There was high correlation between CE and ileocolonoscopy scores for the assessment of mucosal disease activity over time; however, there were no correlations between endoscopic scores and clinical parameters. The use of serial CE for the assessment of small-bowel CD is feasible and valid. (Clinical trial registration number: NCT01942720.)



中文翻译:

视频胶囊内窥镜用于纵向监测小肠克罗恩病活动的一项前瞻性研究

背景和目标

这项前瞻性,多中心研究评估了小肠内窥镜(CE)对克罗恩病(CD)患者粘膜炎症的纵向评估。

方法

在基线期和6个月的随访中,患有已知CD的受试者接受了回肠结肠镜检查和CE的临床评估。CE在两个时间点之前均已确认小肠通畅。回肠结肠镜检查采用CD的简单内镜评分(SES-CD),CE评分采用Lewis评分和CE CD内镜严重度指标(CECDEIS)。

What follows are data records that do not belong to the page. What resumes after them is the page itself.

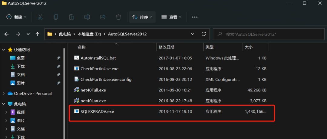 注:如果没有此文件,可以先解压单机版数据库自动安装包(也可自行在网络上下载SQL SERVER 2012的安装镜像)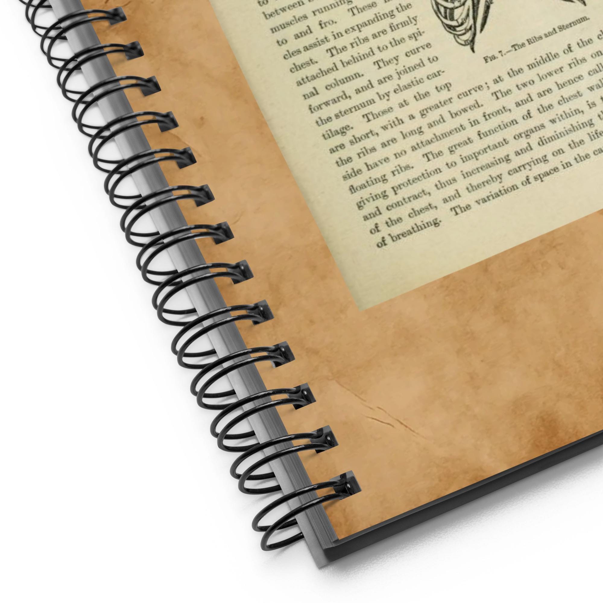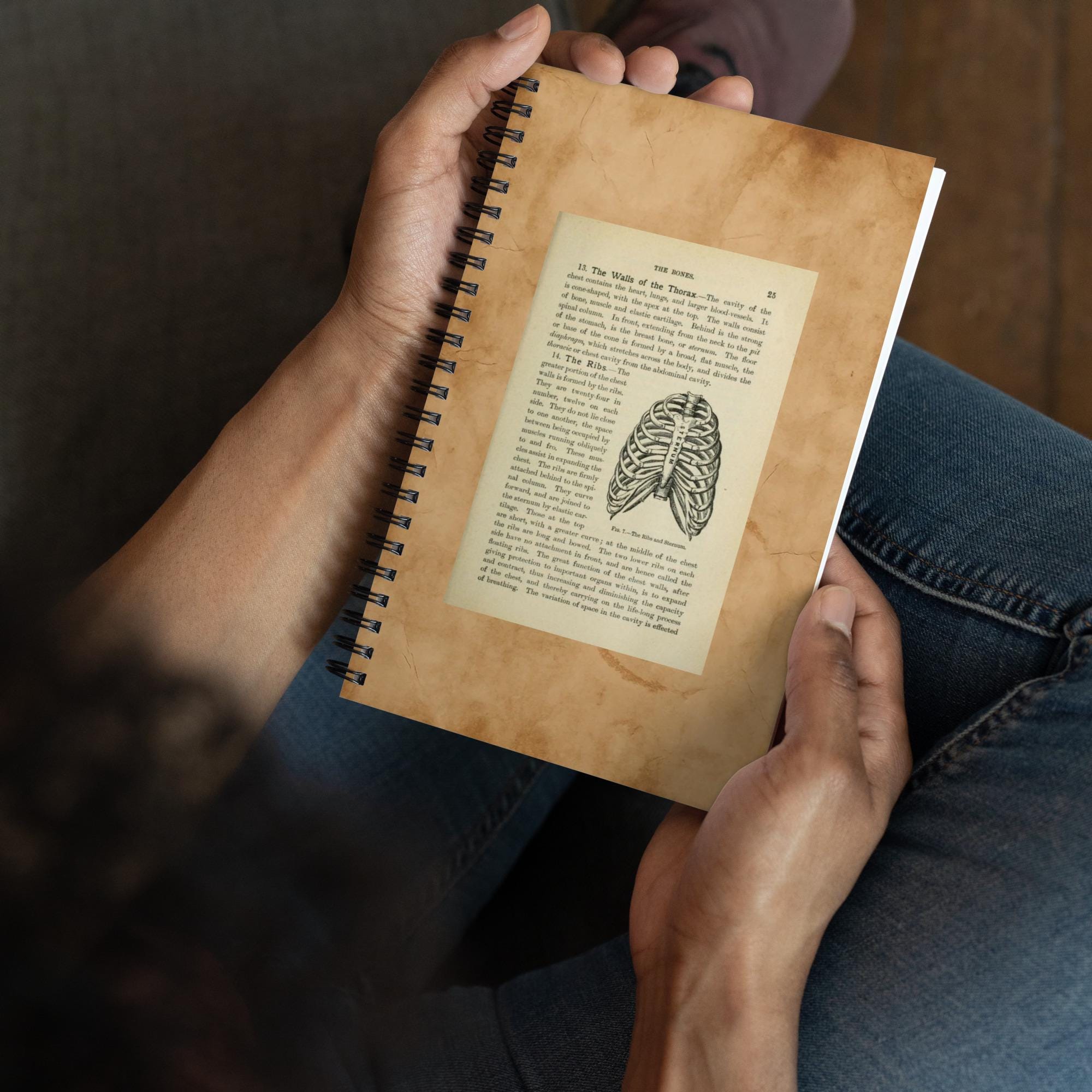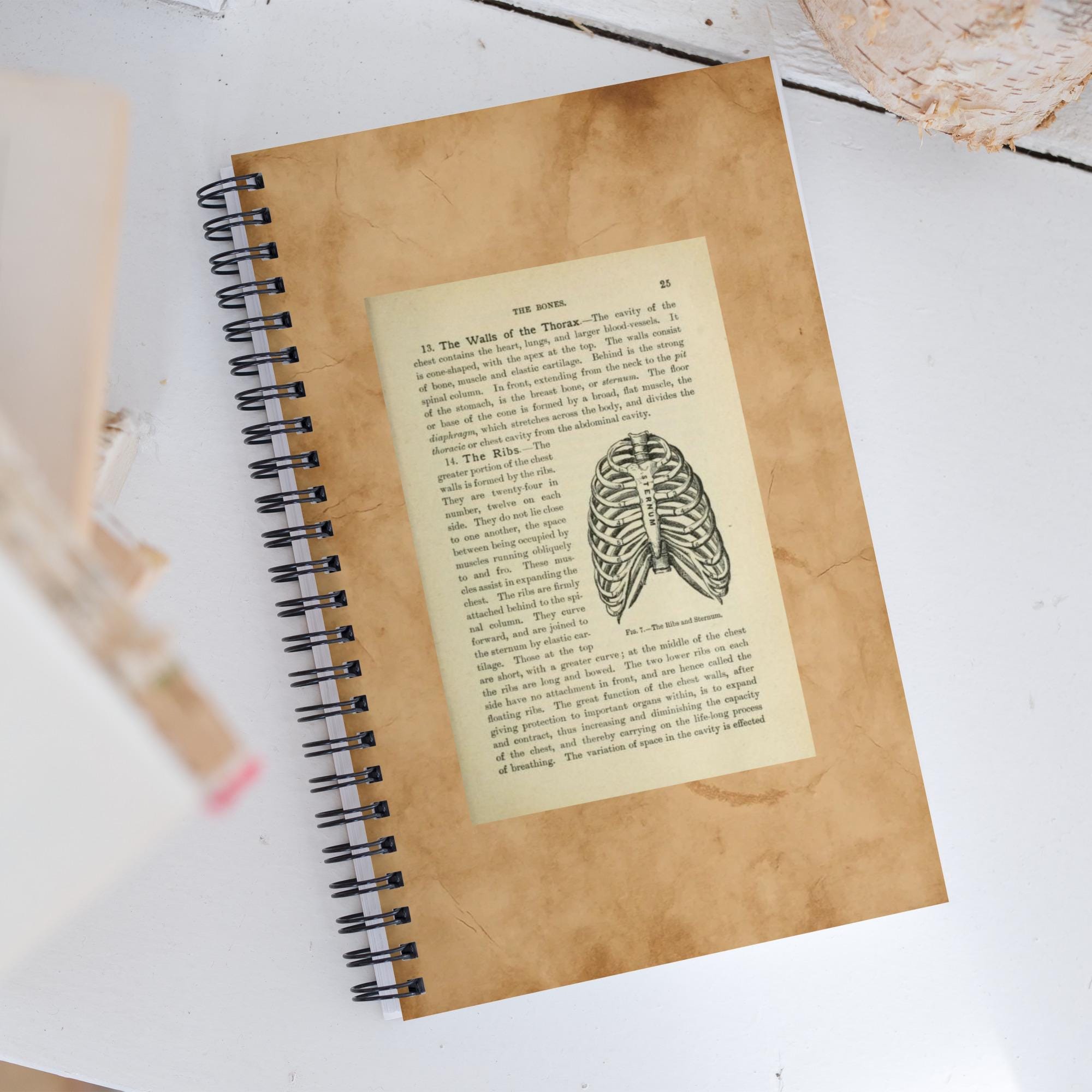 Embrace the charm of old libraries and anatomy studies — a 140-page spiral notebook featuring a genuine antique medical book page cover.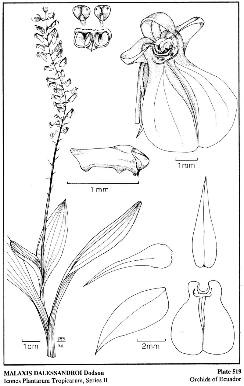 References W3 Tropicos, Kew Monocot list , IPNI ; Icones Plantarumm Tropicarum Plate 519 Dodson 1989 as Malaxis dalessandroi drawing fide; *Native Ecuadorian Orchids 1: 149 Dodson 1993 drawing fide; Flora of Ecuador 225 [2] Orchidaceae AA - Cyrtidiorchis Dodson & Luer 2005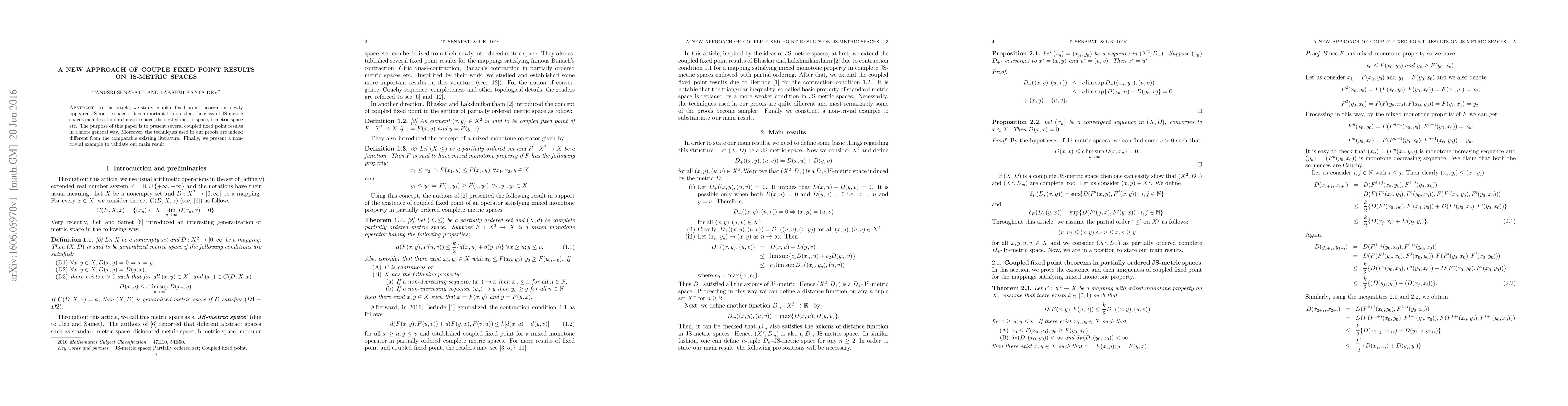 This paper introduces novel coupled fixed point theorems in JS-metric spaces, which encompass various types of metric spaces. The authors present these results using distinct techniques, differing from existing literature, and validate their findings with a non-trivial example.

临床评分指数包括医师全球评估(PGA),CD活动指数(CDAI)和Harvey-Bradshaw指数(HBI)。在基线和随访时收集包括C反应蛋白,粪便钙卫蛋白和红细胞沉降率在内的实验室标记物。内窥镜评分与临床参数之间的相关性使用Spearman检验进行了测量。

结果

总共招募了74名受试者,其中53名(72%)在基线和6个月的随访中完成了内窥镜检查程序。SES-CD回肠结肠镜检查评分与Lewis评分(P  <.001,ρ= .59)和CECDEIS胶囊评分(P  = .002,ρ= .48)相关。3个内镜评分均与PGA,CDAI,HBI,C反应蛋白,红细胞沉降率或粪钙卫蛋白无关。大约85%的受试者在CE上发现了近端小肠炎症。没有CE相关的不良事件。

结论

CE和回肠结肠镜检查得分之间的相关性随时间的推移在评估粘膜疾病活动方面有很高的相关性。但是,内窥镜评分与临床参数之间没有相关性。使用串行CE评估小瓶CD是可行和有效的。(临床试验注册号:NCT01942720。)